I listen for a sound of life besides the birds.  San Miguel, so lively during the day, its streets filled with children walking to school, grandmothers carrying their baskets of warm tortillas covered by a tea towel, motorcycles roaring up 20 de enero, the gas companies trolling for business with their Good Humor ice cream music, the Atayde circus truck with its loudspeaker and cargo of llamas, bears, and miniature horses, is now utterly silent.  Not a single person out late, coming home early.  The knife sharpener, who rides his bike playing a flute to announce his business, is still asleep.
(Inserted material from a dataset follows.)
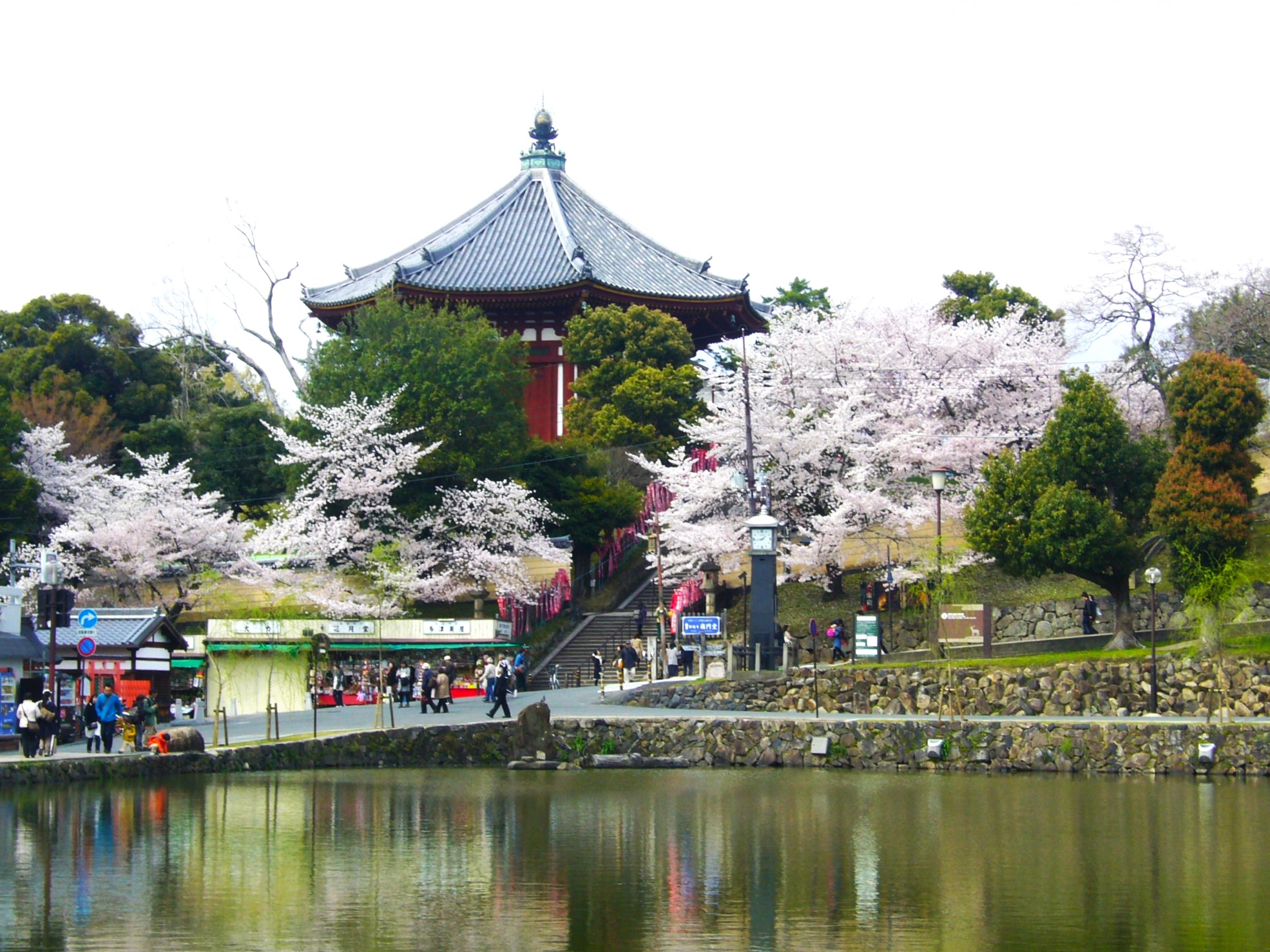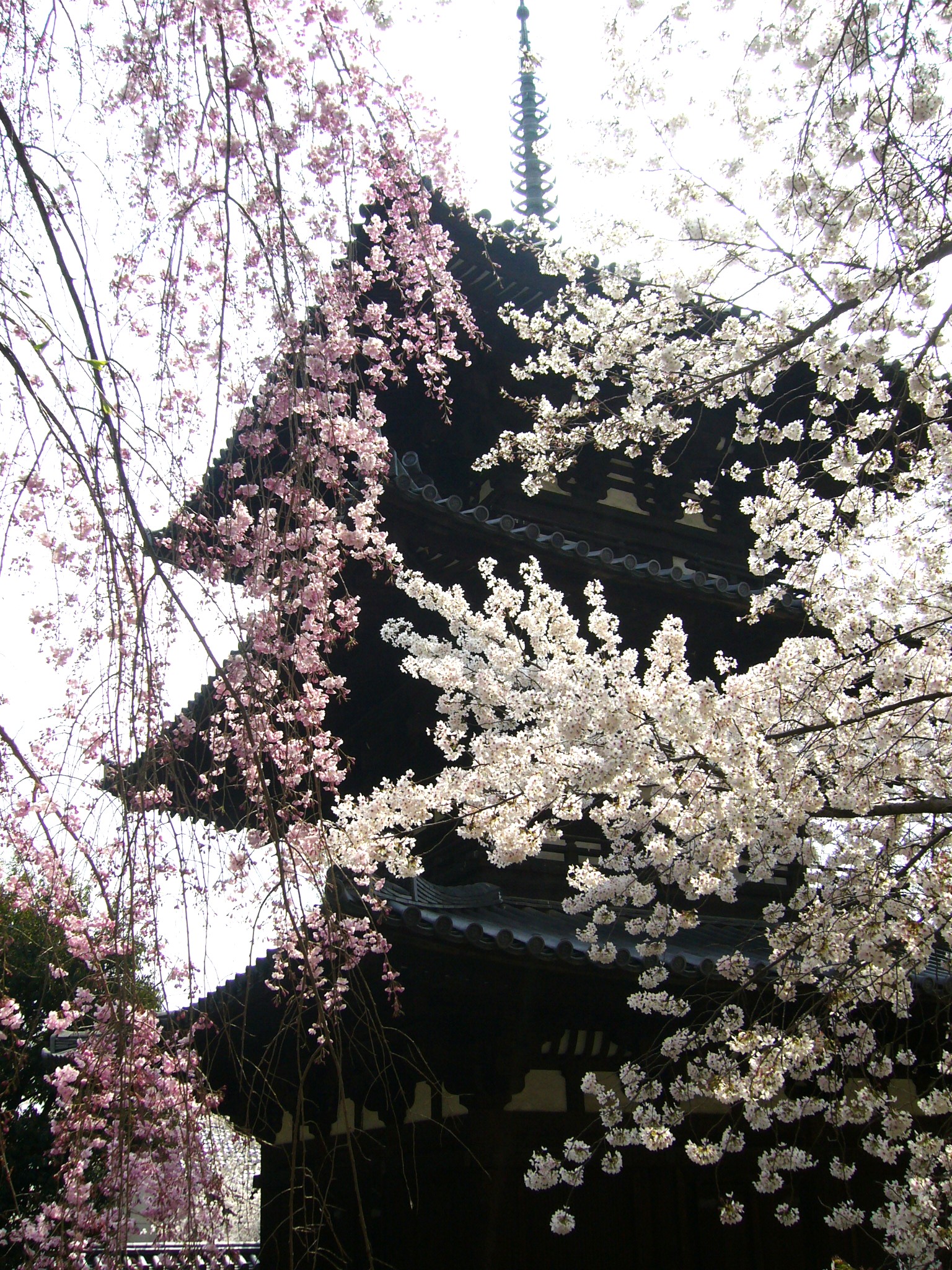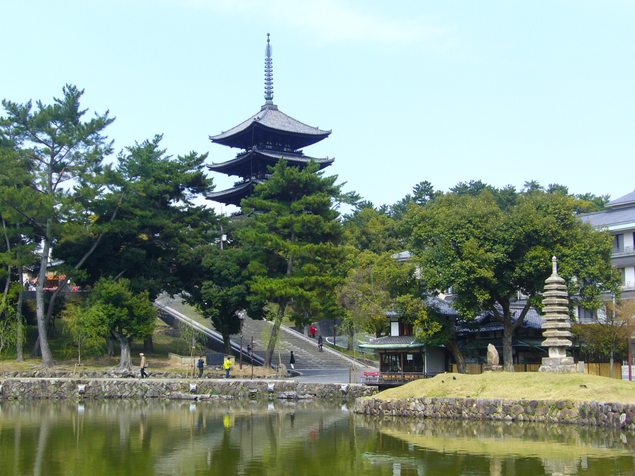 猿沢池への石段を下りる途中の右手に、ひっそりと佇んでいるのが「三重塔」である。目立たない場所にあるので訪れる人も少ないが、北円堂と並び興福寺に現存する最古の建物。興福寺境内には桜は多くないが、桜とマッチして、なかなか繊細で優美な塔です。康治2年(1143)崇徳天皇の中宮皇嘉門院が創建、現在の塔は鎌倉初期に藤原様式で再建されたもので高さは約19mあるらしい。本当にひっそりとしていて猿沢池からも見えない。

The guys on the trash truck, who bang a crowbar against a steel plate, telling you to bring out your cans, are still asleep.  The husband-and-wife flower vendors who ring my bell with an armload of crazy-colored roses, are still asleep.  Pedro the Cheese Man isn't coming by with yogurt and feta.  And Regina, the little girl who lives next door with Dora, hasn't asked if the boys can play.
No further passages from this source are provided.